AppAgent State Machine

AppAgent uses a 7-state finite state machine (FSM) to control execution flow within a specific Windows application. The state machine manages subtask execution, UI re-annotation, user confirmations, error handling, and handoff back to HostAgent.

State Overview

AppAgent implements a robust 7-state FSM defined in ufo/agents/states/app_agent_state.py:

graph TB subgraph "Execution States" CONTINUE[CONTINUE Main Execution] SCREENSHOT[SCREENSHOT UI Re-annotation] end subgraph "Interaction States" PENDING[PENDING Await User Input] CONFIRM[CONFIRM Safety Confirmation] end subgraph "Terminal States" FINISH[FINISH Success Return] FAIL[FAIL Failed Return] ERROR[ERROR Error Return] end style CONTINUE fill:#e3f2fd style SCREENSHOT fill:#fff3e0 style PENDING fill:#f1f8e9 style CONFIRM fill:#fce4ec style FINISH fill:#c8e6c9 style FAIL fill:#ffe0b2 style ERROR fill:#ffcdd2

State Enumeration

class AppAgentStatus(Enum):
    """Store the status of the app agent."""

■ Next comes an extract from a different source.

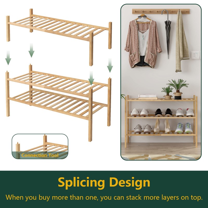 Z&L HOUSE 3-Tier Shoe Rack for Closet, Stackable Shoes Rack Organizer Free Standing Shoe Shelf for Entryway and Closet Hallway, Multifunctional Bamboo Rack in Different Combinations (3-Tier)

    CONTINUE = "CONTINUE"      # Main execution state
    SCREENSHOT = "SCREENSHOT"  # Re-annotation state
    FINISH = "FINISH"          # Subtask completed successfully
    FAIL = "FAIL"              # Subtask failed but recoverable
    PENDING = "PENDING"        # Awaiting user input
    CONFIRM = "CONFIRM"        # Safety confirmation required
    ERROR = "ERROR"            # Critical failure

State	Purpose	Processor Executed	Subtask Ends	Returns to HostAgent
CONTINUE	Main execution - interact with app controls	✅ Yes (4 phases)	❌ No	❌ No
SCREENSHOT	Re-capture and re-annotate UI after changes	✅ Yes (4 phases)	❌ No	❌ No
FINISH	Subtask completed successfully	❌ No	✅ Yes	✅ Yes
FAIL	Subtask failed but can be retried	❌ No	✅ Yes	✅ Yes
PENDING	Await user input for clarification	✅ Yes (ask user)	❌ No	❌ No
CONFIRM	Request user approval for safety-critical action	✅ Yes (present dialog)	❌ No	❌ No
ERROR	Unhandled exception or critical failure	❌ No	✅ Yes	✅ Yes

State Definitions

CONTINUE State

Purpose: Main execution state where AppAgent iteratively interacts with the application.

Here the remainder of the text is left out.